Given material section start

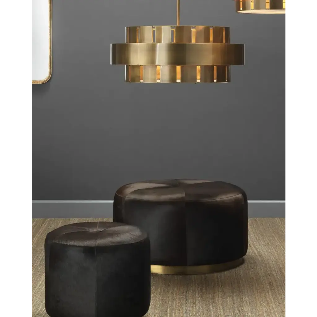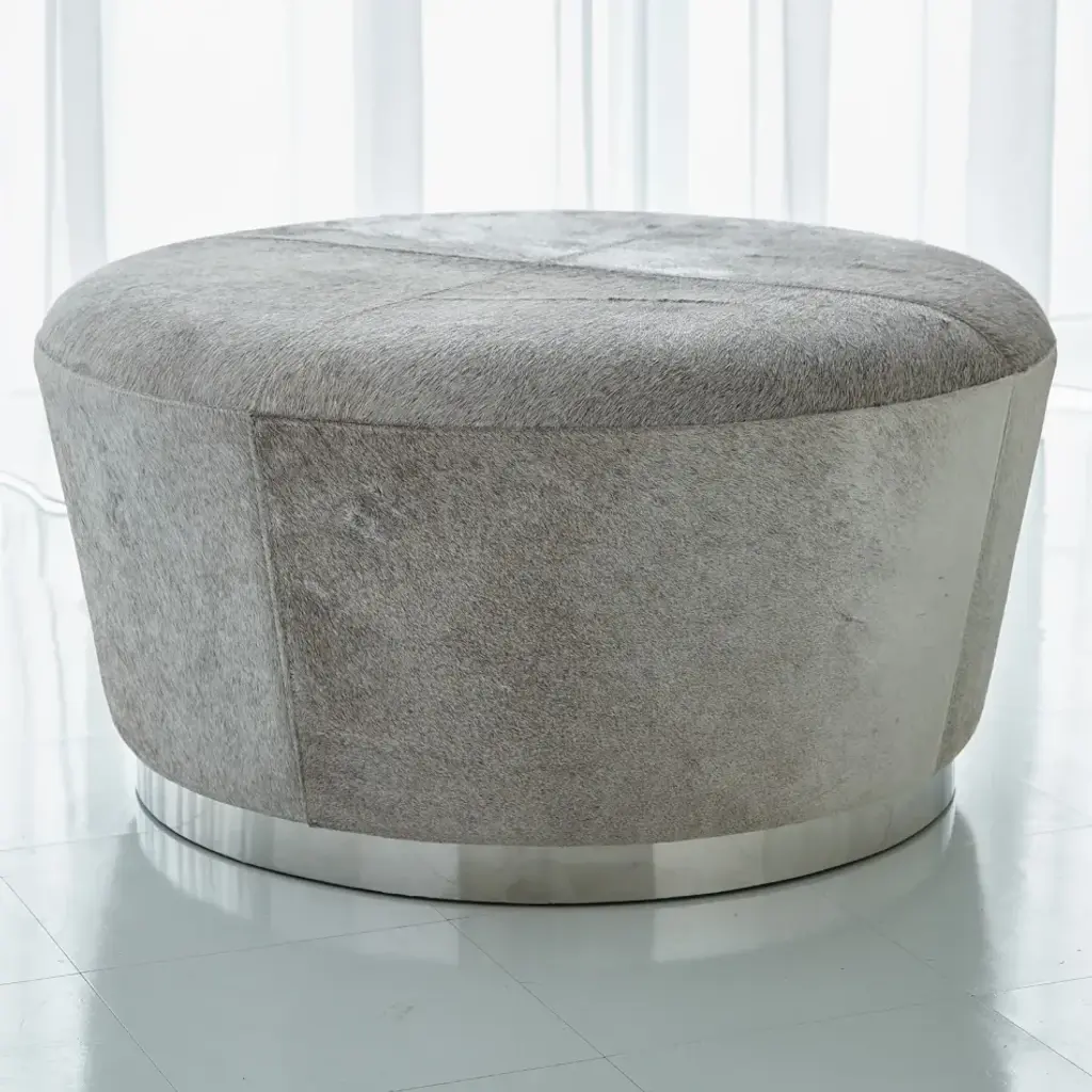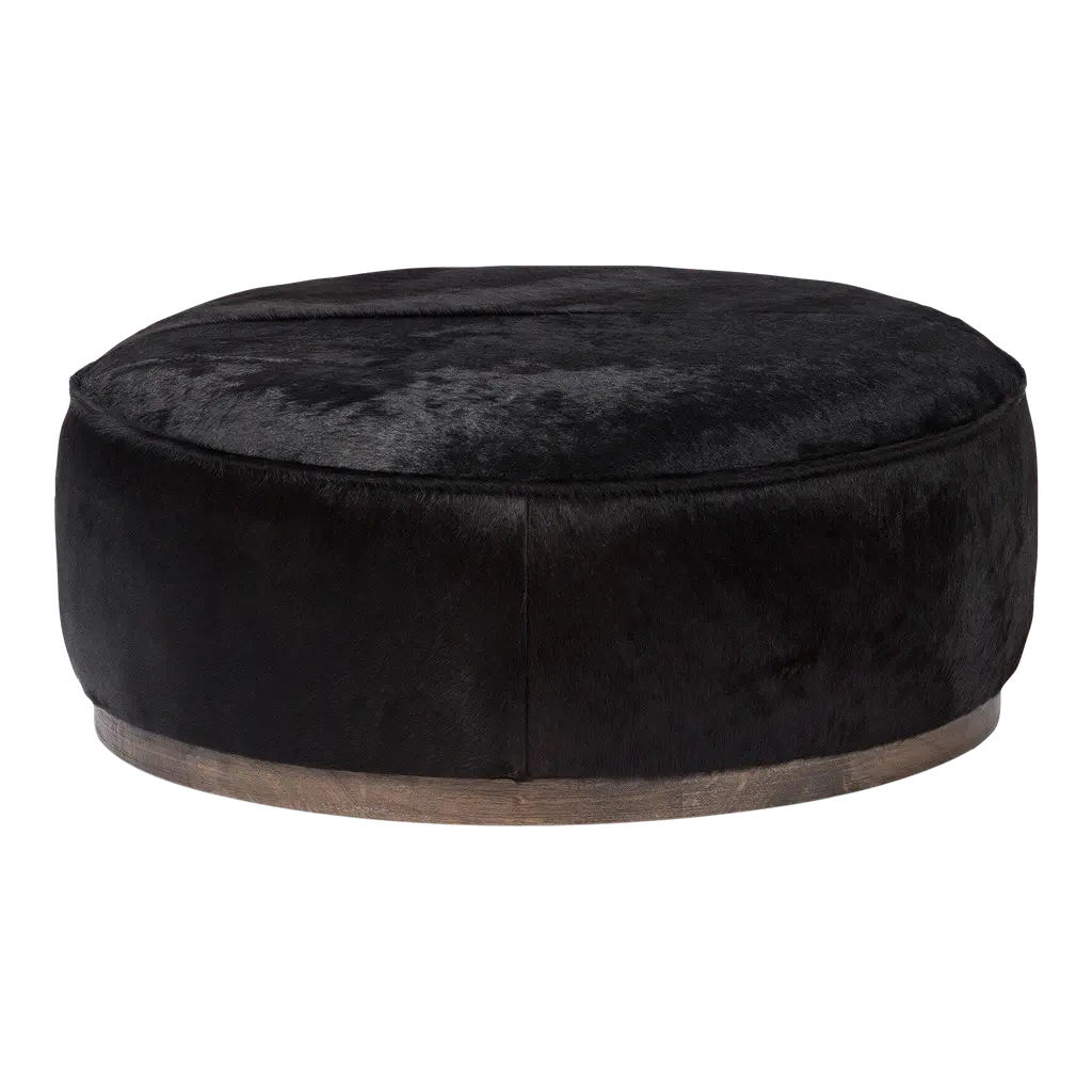The Thackery collection of hair-on-hide poufs have the unique ability to add both glamour and comfort to any room of the home. Two sizes are available in your choice of white or espresso hides. Each is beautifully handcrafted and accented with a gleaming brass band at the base. Whether you want to pull up an extra seat or put up your feet, with a Thackery pouf you will do it in style! Natural color variation will occur in hide. Metal finish may vary.
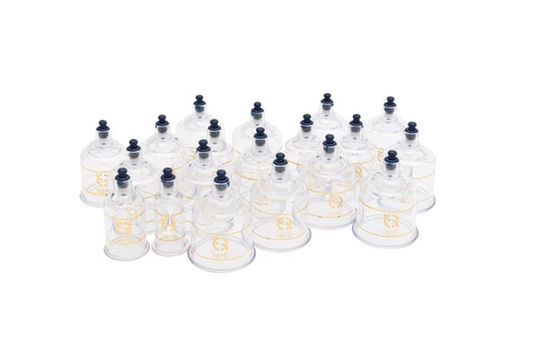 Ensemble de 19 ventouses, avec valves magnétiques , pistolet et tuyau pour l'auto-application. Il a 5 mesures . Présenté dans un étui en métal et similicuir .
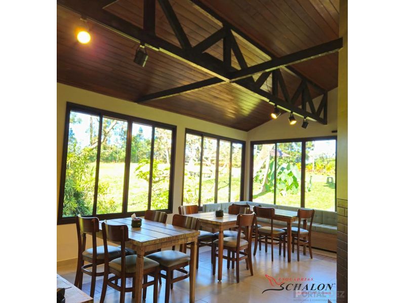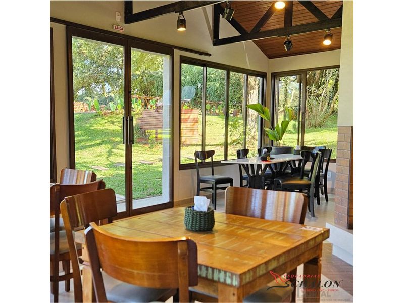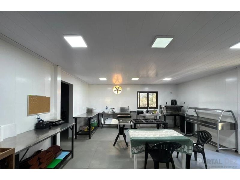 Imóvel Comercial com residência inclusa, área total de 11.000m², contendo restaurante com 3 banheiros femininos, 3 banheirois masculinos, cozinha, dispensa, utensílios, bar, cozinha completa, área kids, mesas e cadeiras para 150 pessoas.

Given material section end

To do: Leave the pictures out and retype only the lines from the line with "Ensemble de 19" through the final line of the material, both ends included, word for word.

Task solution:
 Ensemble de 19 ventouses, avec valves magnétiques , pistolet et tuyau pour l'auto-application. Il a 5 mesures . Présenté dans un étui en métal et similicuir .
 Imóvel Comercial com residência inclusa, área total de 11.000m², contendo restaurante com 3 banheiros femininos, 3 banheirois masculinos, cozinha, dispensa, utensílios, bar, cozinha completa, área kids, mesas e cadeiras para 150 pessoas.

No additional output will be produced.